Understanding Logistic Regression and Naive Bayes
Coding the Logistic Regression and Naive Bayes classifier from scratch and analyzing the performance on identifying Ham vs Spam email.
The Coding
All the code was written in Python without using any of the pre-existing ML libraries such as tensorflow, sklearn, etc. The code can be found on my GitHub. The following are the highlights of the code:
- Implement the multinomial Naive Bayes algorithm for text classification described here:
- Implemented the discrete Naive Bayes algorithm with add-one laplace smoothing.
- Implement the MCAP Logistic Regression algorithm with L2 regularization.

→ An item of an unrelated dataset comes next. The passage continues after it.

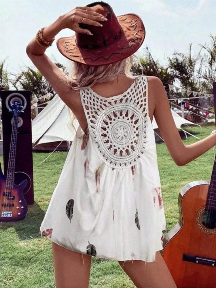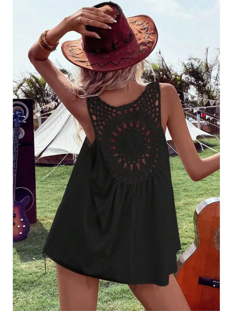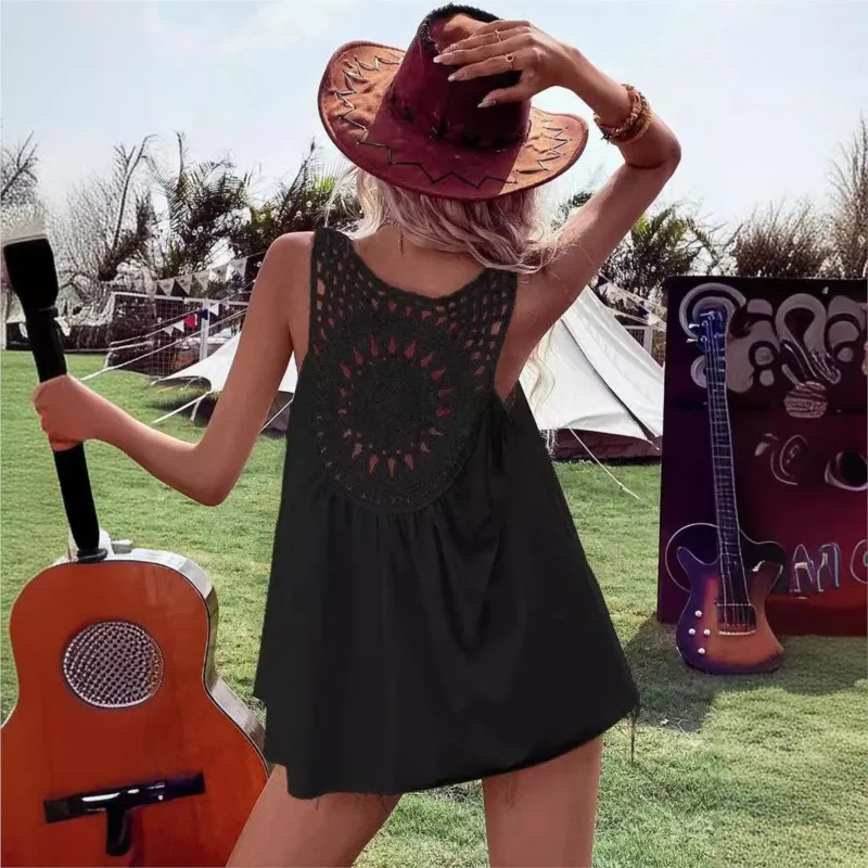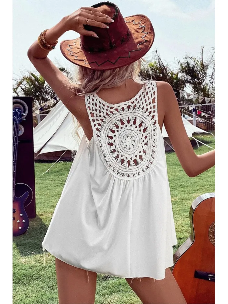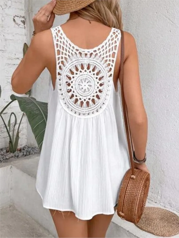 Women’s White Tank Blouses Boho Fashion Simple Back Lace Hollow Vest Tops 2024 New Summer Sexy Beach Vacation Women Clothing

- Used the SGDClassifier from scikit-learn for comparison.
The Experiments
Used the spam/ham used in the Metsis et al. paper @CEAS 2006.
I converted the text data into a matrix of features × examples (namely our canonical data representation), using the following approaches.
- Bag of Words model: I used a vocabulary having w words (the set of all unique words in the training set) and represent each email using a vector of word frequencies (the number of times each word in the vocabulary appears in the email).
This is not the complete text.